Xiao, Y., K. Ho, R. Burgess, AND M. Cashman. Aggregation, sedimentation, dissolution and bioavailability of quantum dots in estuarine systems. ENVIRONMENTAL SCIENCE & TECHNOLOGY. American Chemical Society, Washington, DC, 51(3):1357-1363, (2017).
Because of their increasing use and value to society, cadmium-based quantum dots (QDs) will inevitably find their way into marine systems. In an effort to understand the fate and transport of CdSe QDs in estuarine systems, the aggregation, sedimentation dissolution and toxicity of CdSe QDs in seawater was investigated. The sedimentation rate of CdSe QDs aggregates in seawater was measured to be 1-10 mm/day, which was slow considering their relatively large size. Light played a vital role in promoting the dissolution of CdSe QDs and the release of dissolved Cd. Our results demonstrate that the benthic zone in marine systems is the most probable long-term destination of CdSe QDs due to aggregation and sedimentation, despite being affected by slower transport processes than expected. In addition, the benthic community might be exposed to both particulate and ionic form of CdSe QDs. This work indicates that further study of the role of particulate QDs in causing toxicity to estuarine organisms is critical.
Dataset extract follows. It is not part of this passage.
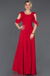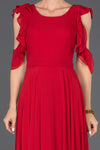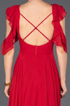 Red, Strap Sleeves, Plain Colour, Chiffon, Maxi Dress, A-Line Dress

To understand their fate and transport in estuarine systems, the aggregation, sedimentation, and dissolution of CdSe quantum dots (QDs) in seawater were investigated. Hydrodynamic size increased from 40 to 60 nm to >1 mm within 1 h in seawater, and the aggregates were highly polydispersed. Their sedimentation rates in seawater were measured to be 4–10 mm/day. Humic acid (HA), further increased their size and polydispersity, and slowed sedimentation. Light increased their dissolution and release of dissolved Cd. The ZnS shell also slowed release of Cd ions. With sufficient light, HA increased the dissolution of QDs, while with low light, HA alone did not change their dissolution. The benthic zone in estuarine systems is the most probable long-term destination of QDs due to aggregation and sedimentation. The bioavailability of was evaluated using the mysid Americamysis bahia. The 7-day LC50s of particulate and dissolved QDs were 290 and 23 μg (total Cd)/L, respectively. For mysids, the acute toxicity appears to be from Cd ions; however, research on the effects of QDs should be conducted with other organisms where QDs may be lodged in critical tissues such as gills or filtering apparatus and Cd ions may be released and delivered directly to those tissues.
Record Details:Record Type: DOCUMENT (JOURNAL/PEER REVIEWED JOURNAL)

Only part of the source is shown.